Interrupt is broken on JVM 20+ #296

bbatsov · 2023-07-03T06:31:21Z

nREPL relied on Thread.stop to kill the session thread when needed and the function was finally removed from Java in Java 20 (after being deprecated for ages). The current nREPL implementation tries Tread.interrupt first and fallbacks on Thread.stop if that fails.

Any ideas for fixing this on Java 20+ are welcome!

See clojure-emacs/cider#3351 for more details.

The text was updated successfully, but these errors were encountered:

socksy · 2023-07-03T11:22:20Z

For reference, this is how it was solved in jshell: openjdk/jdk#10166

Looks like they override the jdk internal(!) MethodVisitor to add a check to a new static method on every single JVM jump instruction. If a new allStop boolean is true, then it generates a ThreadDeath object and throws it. They then instrument all code to be run in their execution environment with it. Then instead of Thread.stop they set this allStop value to be true, then call Thread.interrupt on the original thread. So basically, reimplementing

Few things about that:

:\
ThreadDeath is explicitly deprecated too, so that doesn't sound like a super long term solution. I'm surprised they didn't use the same mechanism that .interrupt uses, but maybe that's not possible from the bytecode (I'm no JVM expert...)
it's not clear what performance impact this might have. I would be personally surprised if I was running code in the repl and it was dramatically slower in running than the final JAR — I would expect it to mess with my code
depending on internal classes is something jshell can do because it's part of the JDK, but I guess it's not something nREPL should be doing?
perhaps this could be done on a clojure level instead, which would certainly make it easier to reason about, but doesn't help you if you're using java interop and the looping is happening there instead

bbatsov · 2023-07-03T11:47:07Z

@socksy Thanks for sharing this! I'm hoping we'd be able to come up with something simpler and more future-proof, although all my research so far indicates that'd be pretty hard. In essence Thread.interrupt expects that the threads you'd be interrupting will be cooperating, but in our case we have no idea what the user is evaluating in the session thread that we'd like to interrupt...

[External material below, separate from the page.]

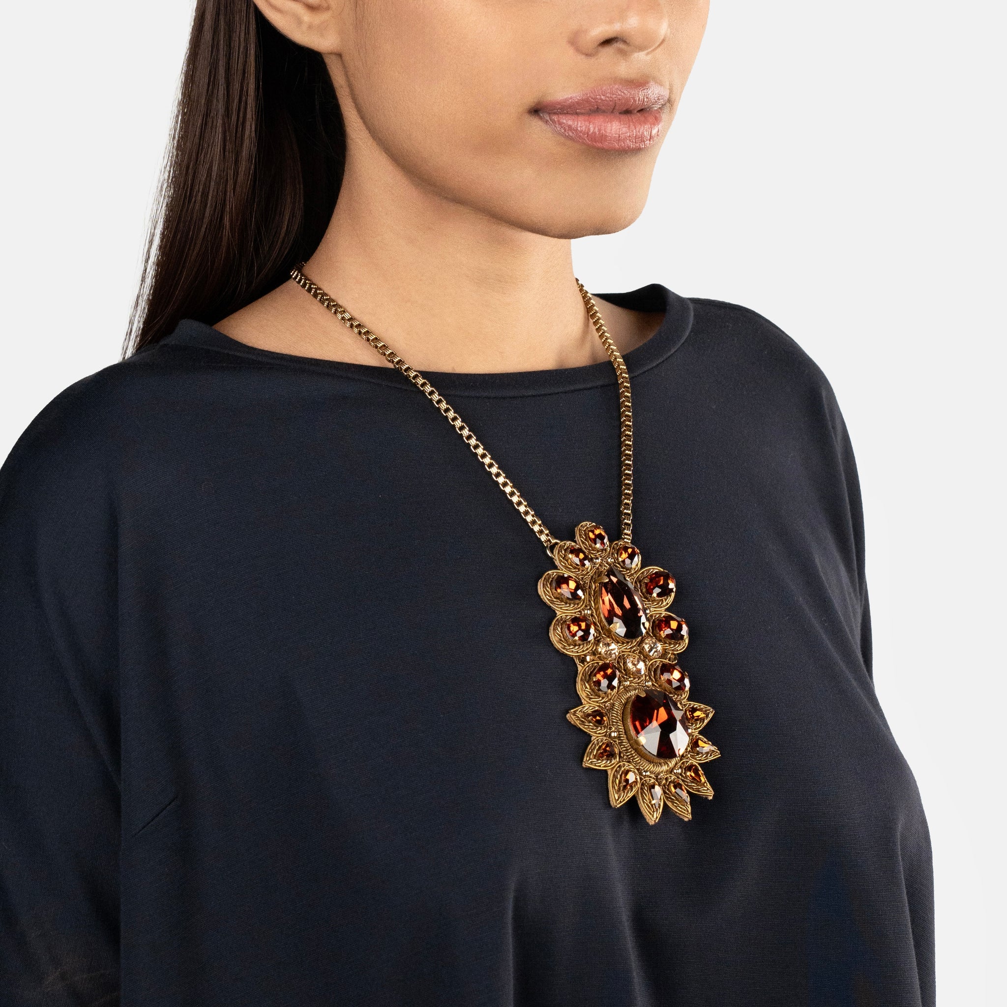 The Amber Pendant in Gold radiates a rich, jewel-toned elegance with its deep amber crystals and antique-inspired craftsmanship. Suspended on a sleek gold-toned chain, the striking pendant features a bold arrangement of faceted amber stones surrounded by intricate metal detailing, evoking timeless opulence. Its warm hues and statement design make it an instant focal point for any outfit, embodying refined artistry and heritage allure.

bsless · 2023-07-03T13:15:38Z

I found an official JDK guide regarding this deprecation. Anything there you could use?

bbatsov · 2023-07-04T07:41:05Z

@bsless I don't see anything that can help us there. As we're running user code on the session eval thread we can't really add code there that would make it interruptible.

danielcompton · 2023-07-04T07:59:13Z

@bbatsov Perhaps it's worth bringing this up on the JDK mailing list to see if they would reconsider removing it, perhaps putting it behind a flag?

bbatsov · 2023-07-04T08:01:31Z

I'm guessing that ship has sailed if there's already a release without it. I've never heard of the JDK team going back on a removal.

socksy · 2023-07-04T12:28:00Z

@bbatsov yeah, .interrupt only works if the user code respects it, which is why jshell is injecting in a boolean check in the jvm bytecode for every looping instruction — would that be possible here?

Alternatively, if you wanted to be (even more) hacky, perhaps we could write a fake Thread.stop library using pthreads directly in a JNI based library? 🙃

bbatsov · 2024-05-07T05:27:18Z

FYI - @alexander-yakushev proposed a potential fix for this in #318

@PEZ and @danielcompton - please, take a look, as the fix will require some client co-operation as it involves loading a JVMTI agent.

PEZ · 2024-05-07T06:32:06Z

Thanks for headsup, @bbatsov!

In the PR you say that CIDER will inject this as jack-in params. Can you share what that would look like. As Calva's jack-in is quite similar, I think we can consider to do whatever CIDER does.

alexander-yakushev · 2024-05-07T06:36:34Z

@PEZ

For tools.deps, this means adding -J-Djdk.attach.allowAttachSelf to the launch command. For Leiningen, it will be something similar to update :jvm-opts.

cichli · 2024-05-07T16:37:23Z

I looked at this issue recently too and came up with a POC that uses the JDWP agent and JDI to forcibly stop threads. The JDWP native lib has a way of stopping threads and is part of the JVM, so using it avoids the need to build our own native code. Unfortunately none of that lib is accessible via JNI (as far as I can tell), so we need to start the JDWP agent and communicate with it via JDI.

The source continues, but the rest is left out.